» Problem requirements: Lines to restate from the data below: from the one containing "The Console Clip" to the one containing "item is run.", both included. Give them again exactly, and only them.

» Exercise data:
= = = = =

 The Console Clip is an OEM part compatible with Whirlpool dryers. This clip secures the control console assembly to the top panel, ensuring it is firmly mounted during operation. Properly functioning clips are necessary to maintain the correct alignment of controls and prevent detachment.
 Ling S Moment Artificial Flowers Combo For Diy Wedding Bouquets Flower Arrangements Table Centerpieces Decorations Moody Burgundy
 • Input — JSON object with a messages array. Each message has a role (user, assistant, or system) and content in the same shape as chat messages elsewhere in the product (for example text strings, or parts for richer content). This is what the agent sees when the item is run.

= = = = =

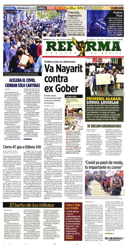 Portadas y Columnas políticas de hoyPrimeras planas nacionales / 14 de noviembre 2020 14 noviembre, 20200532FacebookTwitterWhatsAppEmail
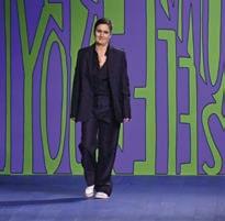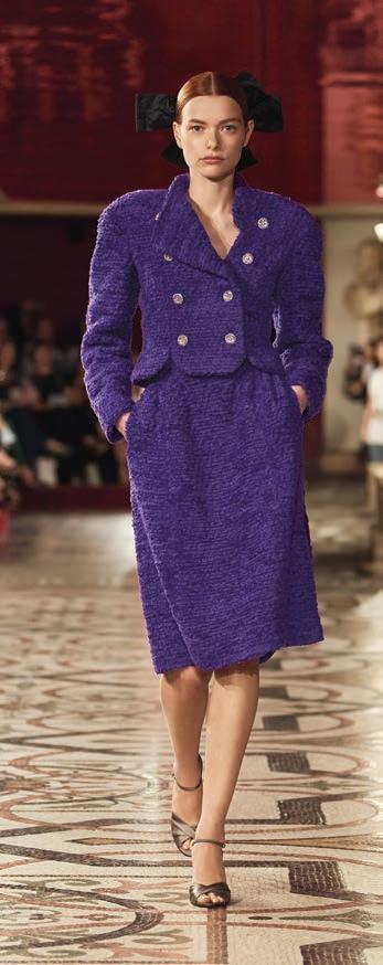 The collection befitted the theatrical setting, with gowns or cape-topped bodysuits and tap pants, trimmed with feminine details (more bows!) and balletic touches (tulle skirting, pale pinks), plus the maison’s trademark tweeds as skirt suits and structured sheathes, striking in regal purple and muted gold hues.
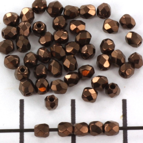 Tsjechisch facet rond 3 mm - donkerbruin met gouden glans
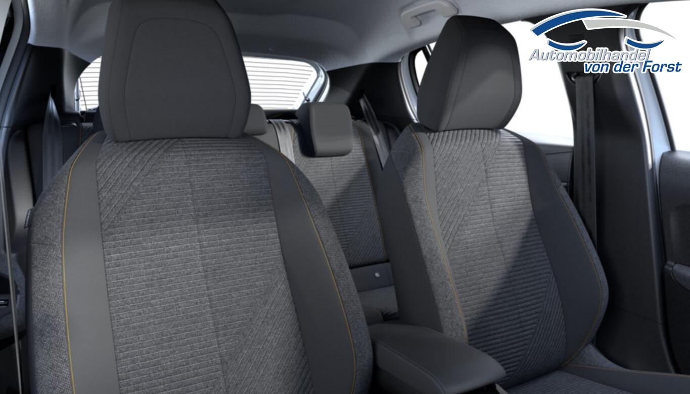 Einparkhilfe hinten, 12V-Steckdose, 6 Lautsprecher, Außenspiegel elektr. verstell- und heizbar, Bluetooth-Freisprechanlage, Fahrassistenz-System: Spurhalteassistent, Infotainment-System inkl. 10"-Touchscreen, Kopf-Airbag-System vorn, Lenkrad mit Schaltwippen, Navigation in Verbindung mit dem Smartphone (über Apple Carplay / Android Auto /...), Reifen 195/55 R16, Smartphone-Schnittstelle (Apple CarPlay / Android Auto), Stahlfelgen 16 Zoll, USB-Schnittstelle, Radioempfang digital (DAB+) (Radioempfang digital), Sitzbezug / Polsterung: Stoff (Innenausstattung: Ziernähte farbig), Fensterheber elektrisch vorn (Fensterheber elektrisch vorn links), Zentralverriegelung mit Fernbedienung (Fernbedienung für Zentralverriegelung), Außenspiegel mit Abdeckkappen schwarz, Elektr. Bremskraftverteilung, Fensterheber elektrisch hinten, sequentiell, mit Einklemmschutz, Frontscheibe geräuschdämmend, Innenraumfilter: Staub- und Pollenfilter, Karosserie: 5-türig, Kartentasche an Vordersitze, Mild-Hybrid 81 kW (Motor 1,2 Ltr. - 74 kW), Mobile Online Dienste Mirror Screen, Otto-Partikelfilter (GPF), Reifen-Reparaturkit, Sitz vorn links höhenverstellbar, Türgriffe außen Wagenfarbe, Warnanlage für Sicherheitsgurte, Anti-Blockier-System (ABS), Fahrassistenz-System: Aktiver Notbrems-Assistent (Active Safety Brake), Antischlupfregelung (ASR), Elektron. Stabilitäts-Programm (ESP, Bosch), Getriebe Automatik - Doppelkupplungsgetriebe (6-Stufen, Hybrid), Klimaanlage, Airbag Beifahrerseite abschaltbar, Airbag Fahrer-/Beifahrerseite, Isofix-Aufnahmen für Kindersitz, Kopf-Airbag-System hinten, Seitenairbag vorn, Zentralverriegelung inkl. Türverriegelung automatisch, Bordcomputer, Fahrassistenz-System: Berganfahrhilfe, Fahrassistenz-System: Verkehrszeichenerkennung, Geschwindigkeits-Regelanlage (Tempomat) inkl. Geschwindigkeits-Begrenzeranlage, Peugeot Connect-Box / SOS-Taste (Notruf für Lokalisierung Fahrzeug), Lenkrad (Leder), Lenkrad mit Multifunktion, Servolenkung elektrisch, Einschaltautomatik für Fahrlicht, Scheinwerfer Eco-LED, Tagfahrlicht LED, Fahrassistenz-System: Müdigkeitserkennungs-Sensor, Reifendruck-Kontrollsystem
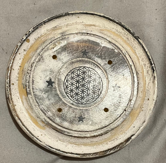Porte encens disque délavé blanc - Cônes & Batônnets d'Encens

= = = = =

» Written solution:
 The Console Clip is an OEM part compatible with Whirlpool dryers. This clip secures the control console assembly to the top panel, ensuring it is firmly mounted during operation. Properly functioning clips are necessary to maintain the correct alignment of controls and prevent detachment.
 Ling S Moment Artificial Flowers Combo For Diy Wedding Bouquets Flower Arrangements Table Centerpieces Decorations Moody Burgundy
 • Input — JSON object with a messages array. Each message has a role (user, assistant, or system) and content in the same shape as chat messages elsewhere in the product (for example text strings, or parts for richer content). This is what the agent sees when the item is run.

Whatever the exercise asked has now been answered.